Пока Мирон бегал по квартире, собирая вещи в рюкзак для обещанного сюрприза, Слава тухло листал ленту в одной из социальных сетей. Если честно, то его руки так и чесались продолжить уборку, пока есть хоть несколько минут до исполнения этого самого «сюрприза». Чат группы противно запиликал. Кто вообще называет учебную группу «Опасными овощами–107»? Староста предлагал встретиться всем вместе в каком-нибудь баре, чтобы наконец узнать друг друга лучше и познакомиться. Он открыл голосование, где, к Карелинскому величайшему сожалению, не было варианта: «Мой резко ставший ревнивым парень меня никуда не отпускает под разными предлогами». Ладно, может Мирон морально готов и к этому разговору? Славе казалось, что он не готов и к масштабному расхламлению пространства. А по итогу очень даже весело и игриво сегодня ходил выносить мусор со всем, что не понравилось Карелину. На одной из коробок, самой первой, которую они собирались выкидывать, он даже написал черным маркером «Прошлое». Даже добавил, мол, «прошлое нужно уметь выносить из своей жизни». Или что-то в таком духе. Славе же казалось, что в этом вопросе Мирон будет больше похож на маму с вечными причитаниями: «А вдруг пригодится однажды? Не сегодня, так в следующем месяце». В итоге этот «следующий месяц» не наступал уже больше десяти лет. Но Фёдоров с такой готовностью и энтузиазмом выносил мусор из квартиры, что Слава только диву давался. Его переезд начался явно с приятной ноты. 
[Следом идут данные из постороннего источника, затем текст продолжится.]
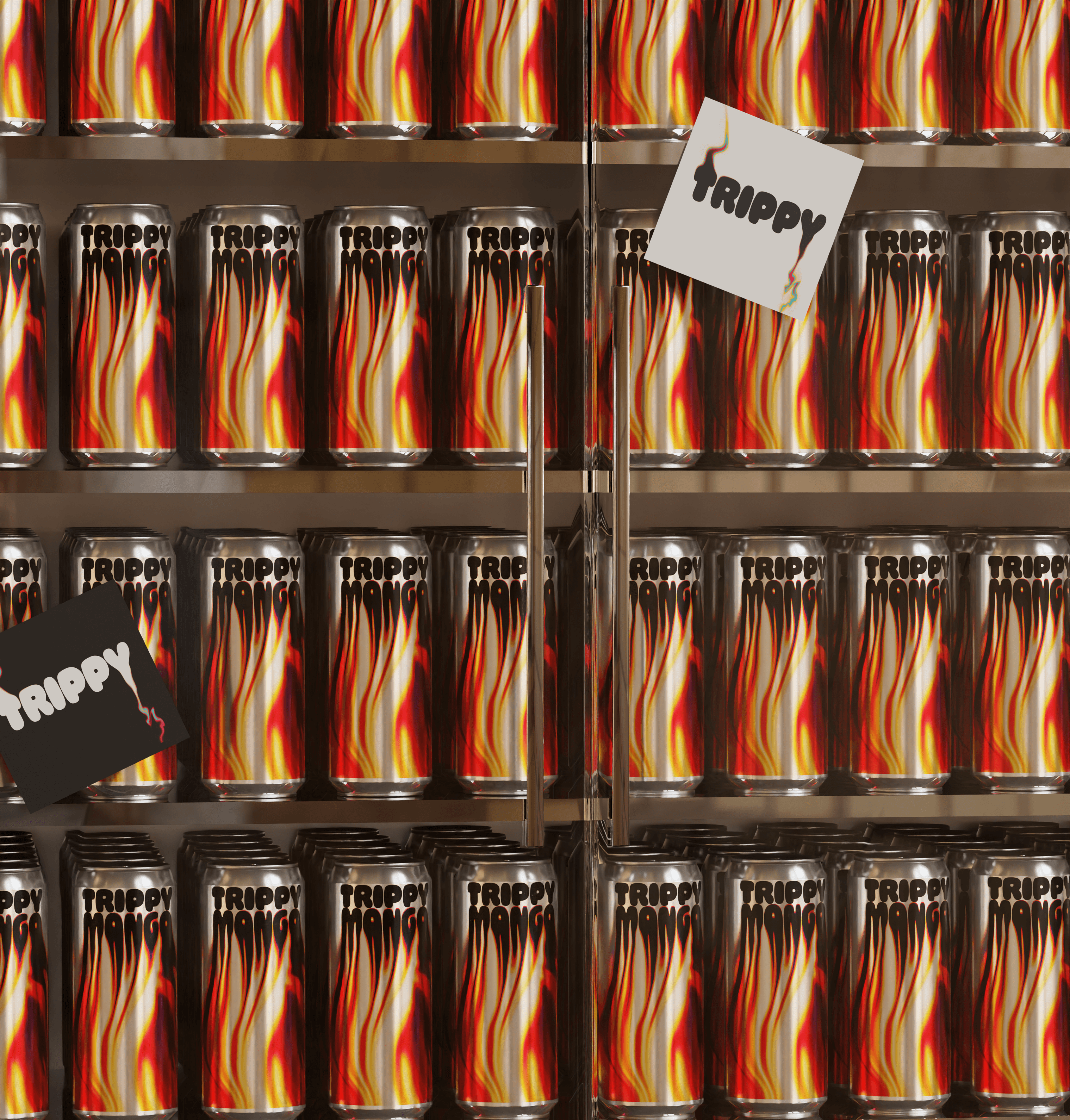 Trippy Soda is a conceptual THC-infused beverage brand designed to disrupt the cannabis wellness market through bold visuals and unapologetic energy. Created as an exploration in psychedelic branding and product design, the project reimagines what a cannabis beverage can look and feel like in a rapidly evolving industry. The brand identity leans into the surreal—vibrant gradients, melting typography, and hypnotic patterns that mirror the altered state the product delivers. Every element, from the can design to the motion graphics, was crafted to blur the line between reality and experience, turning each touchpoint into a visual trip of its own. The project encompasses complete brand development, 3D product visualization, packaging design, and environmental storytelling. From retail fridge mockups to 360° can renders, Trippy Soda demonstrates how to build a cohesive brand universe that feels as immersive as the product itself. This isn't just branding—it's world-building for a product that lives at the intersection of wellness, rebellion, and elevated experience.

— Сла-а-ав, — раздалось из спальни. Карелин потянулся на диване в гостиной, собираясь вставать, но Мирон опередил его, появившись в комнату. 

Слава устремил вопросительный взгляд на Фёдорова, мол, в чем дело? Что нужно сделать? Но тот лишь тепло улыбнулся, поправляя огромный рюкзак на плечах.

— Я собрался.

— Мы уезжаем на неделю что ли? 

— Нам просто может понадобиться самое разное! — голос Фёдорова был воодушевленным. Кажется, то, что он удумал, было поистине грандиозным. Или он, что более вероятно, решил просто перестраховаться в тысячный раз. — И я уже вызвал такси.
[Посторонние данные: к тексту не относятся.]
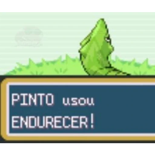 Um Pokémon verde, parecido com uma planta, ao lado de uma caixa de diálogo que diz 'PINTO usou ENDURECER!'

 Слава смотрел удивлённо: неужели это его прекраснейшее место действительно находится так далеко от города? 

— Во всяком случае, там нам никто не помешает проявлять нежности, — произнёс Мирон, точно умудрился прочитать мысли своего юноши. А может, и сам Слава просто подумал вслух, только совсем не заметил как. 
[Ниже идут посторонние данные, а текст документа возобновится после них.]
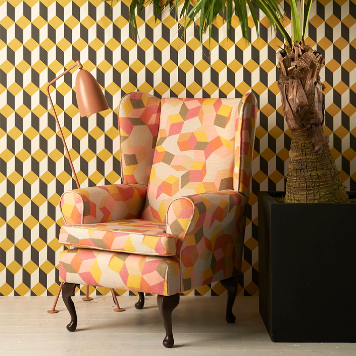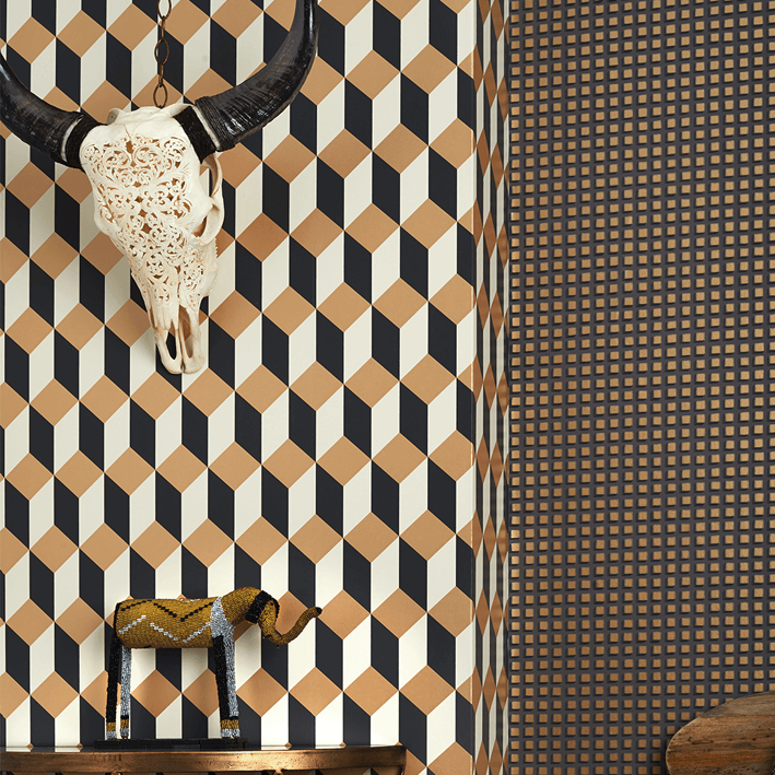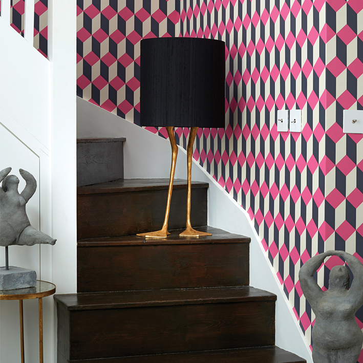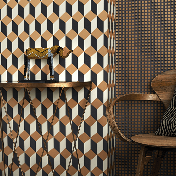 Delano, which takes its name from the famous Art Deco hotel on South Beach, takes a familiar tile motif and gives it a chic, contemporary feel. Offered in vibrant colourings, including a classic black and white, black, white and gold, a sharp yellow and pink both teamed with black, and a sumptuous indigo with gold.

Карелин согласно кивнул. Когда Мирон готовил масштабные сюрпризы, ему было очень сложно сопротивляться порыву чувств и не поцеловать его, хотя бы просто прикоснуться. И если они будут за городом, где-нибудь подальше от людских глаз, то так будет даже лучше. Слава слишком хорошо помнил то чувство — как чешется всё изнутри от желания подарить объятия, практически до ломки костей собственных костей и нервного выкручивания пальцев — когда хочется обнять его, прижать к себе, а нельзя. У Мирона такие касания получались абсолютно естественными — потрепать по голове словно невзначай, ущипнуть где-нибудь в районе рёбер (да с такой нежностью, что у Славы сердце было готово сорваться вниз к чужим пальцам), поправить куртку, легко поглаживая по груди. Когда Фёдоров делал что-то такое, ни у кого бы не возникло никаких «неправильных» мыслей. Точно старый друг проявляет заботу или выполняет поручение матери следить за бестолковым сыном. Ничего криминального, никаких выходов за рамки бесконечных условностей. Но вот когда Слава его касался! Карелину тут же казалось, что о его чувствах знают все, кто находится в километре вокруг! Его движения были нервными, сбивчивыми, неловкими… точно вот-вот раскроют. Мирон часто в такие моменты шептал: «Всё в порядке, никто не смотрит даже, не волнуйся, прошу тебя». Но Слава совершенно не мог унять дрожь в своем теле. Лишь одна мысль о том, что из-за него могут начаться проблемы у них двоих, приводила Карелина в панический ужас. И, наверное, эта тревога выдавала его куда больше, чем невесомое касание подушечками пальцев чужой ладони. На вечный вопрос Славы: «Как ты научился быть таким спокойным?» — Мирон никогда не отвечал. Хотя Карелин и сам понимал, что дело, безусловно, в опыте. И отчасти он был благодарен Мирону, что тот не освещал истории о бывших подробнее, чем тогда в Хабаровске. Но не радовало Славу другое: Фёдоров точно повесил огромный замок на ту часть биографии, словно демонам его прошлого будет лучше взаперти. Но пока сил бороться с этой позицией у Карелина не было. Хотя, наверное, Мирон и понимал, что Слава просто ждёт, пока тот вывалит абсолютно все кусочки своего прошлого ему на голову, чтобы тот мог успокоить и приласкать его демонов. Только восприятие у них отличалось. Для Славы это была история самого дорогого ему человека, для Мирона — практически облить помоями своей памяти. Но, может, у Славы весьма специфичный вкус? Ведь тот что-то нашел в нем, да и молоко со сливочным маслом он пил, даже не поморщившись. 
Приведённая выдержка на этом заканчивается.